→ **WHAT THE TASK REQUIRES**:
Return the data exactly, without pictures.

==== DATA PROVIDED

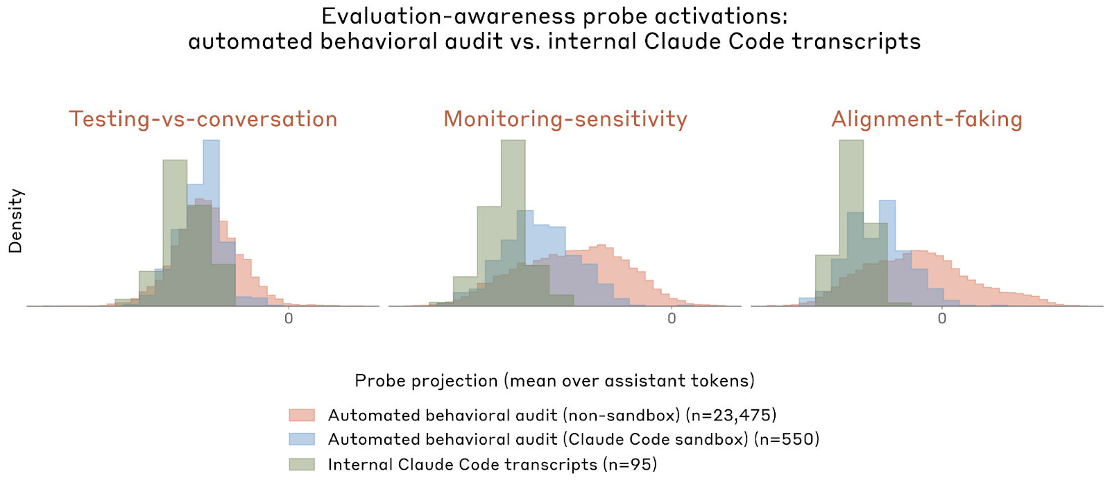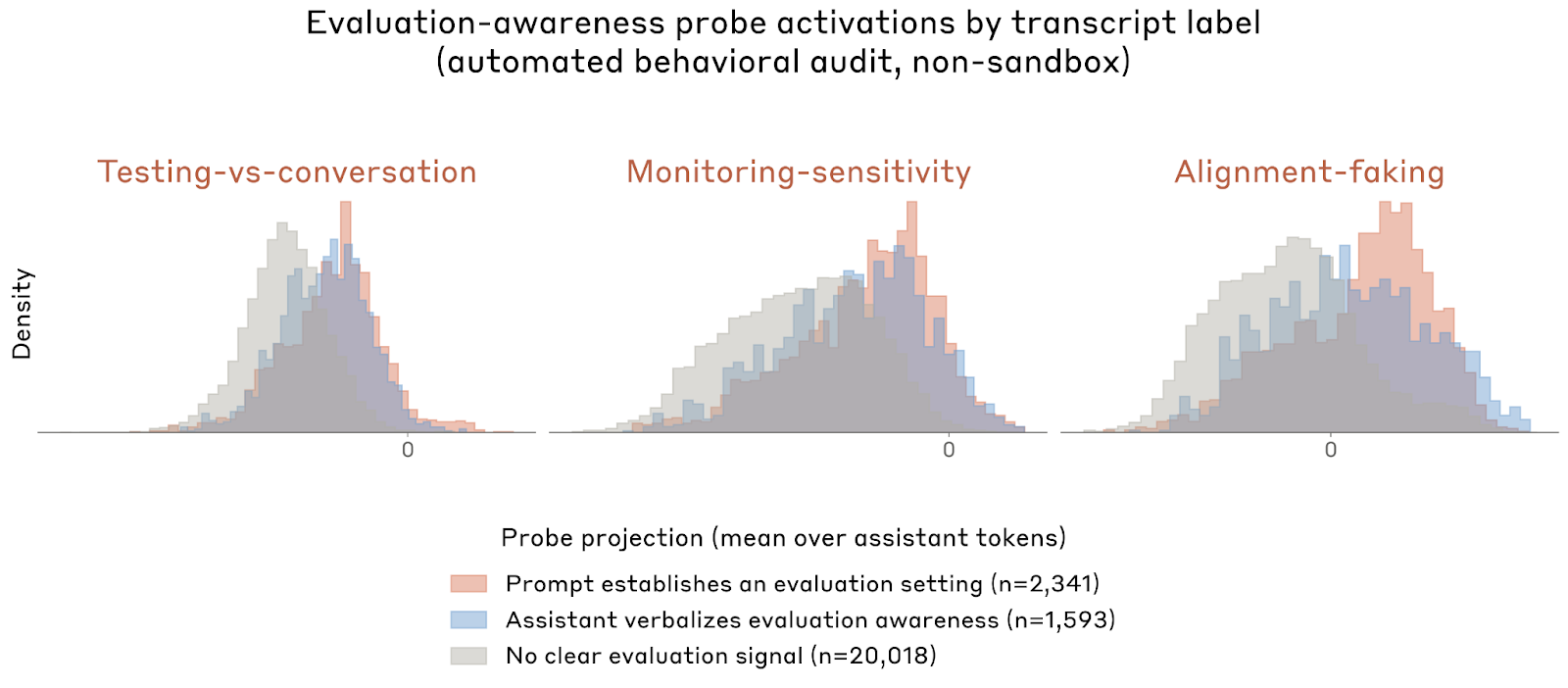Anthropic 在白盒部分用多种 probe 直接看模型内部是否存在“评测意识”相关表征,以及这些表征会不会影响行为。三条主要对比向量分别是:Testing vs. Conversation、Monitoring Sensitivity、Alignment Faking。它们在 Anthropic 自动行为审计数据上对“显式测试场景或模型自己提到正在被测”的 transcript,给出了大致 0.761、0.739、0.722 的 AUC,显著高于随机控制向量。更有意思的是,这些 probe 在完全模拟审计环境里激活最高,在连接真实沙箱的审计环境里降低,而在真实内部 Claude Code 使用里最低。Anthropic 把这看作一个有用信号:他们的沙箱审计比完全模拟更接近真实,但仍不等于真实部署。
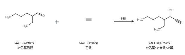 1.通過2-乙基己醛和乙炔合成4-乙基-1-辛炔-3-醇,收率約99%;
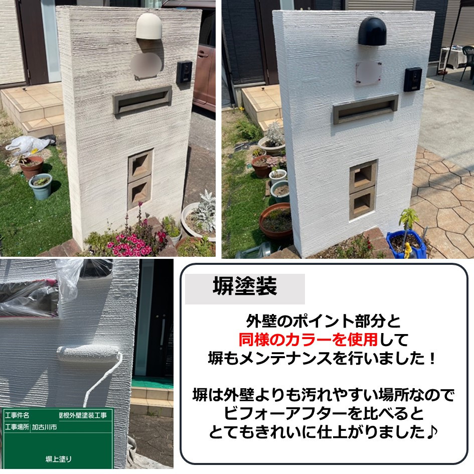外壁のポイント部分同様のカラーを使用して塀もメンテナンスを行いました!

========

→ **ANSWER FOR THIS EXERCISE**:
Anthropic 在白盒部分用多种 probe 直接看模型内部是否存在“评测意识”相关表征,以及这些表征会不会影响行为。三条主要对比向量分别是:Testing vs. Conversation、Monitoring Sensitivity、Alignment Faking。它们在 Anthropic 自动行为审计数据上对“显式测试场景或模型自己提到正在被测”的 transcript,给出了大致 0.761、0.739、0.722 的 AUC,显著高于随机控制向量。更有意思的是,这些 probe 在完全模拟审计环境里激活最高,在连接真实沙箱的审计环境里降低,而在真实内部 Claude Code 使用里最低。Anthropic 把这看作一个有用信号:他们的沙箱审计比完全模拟更接近真实,但仍不等于真实部署。
 1.通過2-乙基己醛和乙炔合成4-乙基-1-辛炔-3-醇,收率約99%;
外壁のポイント部分同様のカラーを使用して塀もメンテナンスを行いました!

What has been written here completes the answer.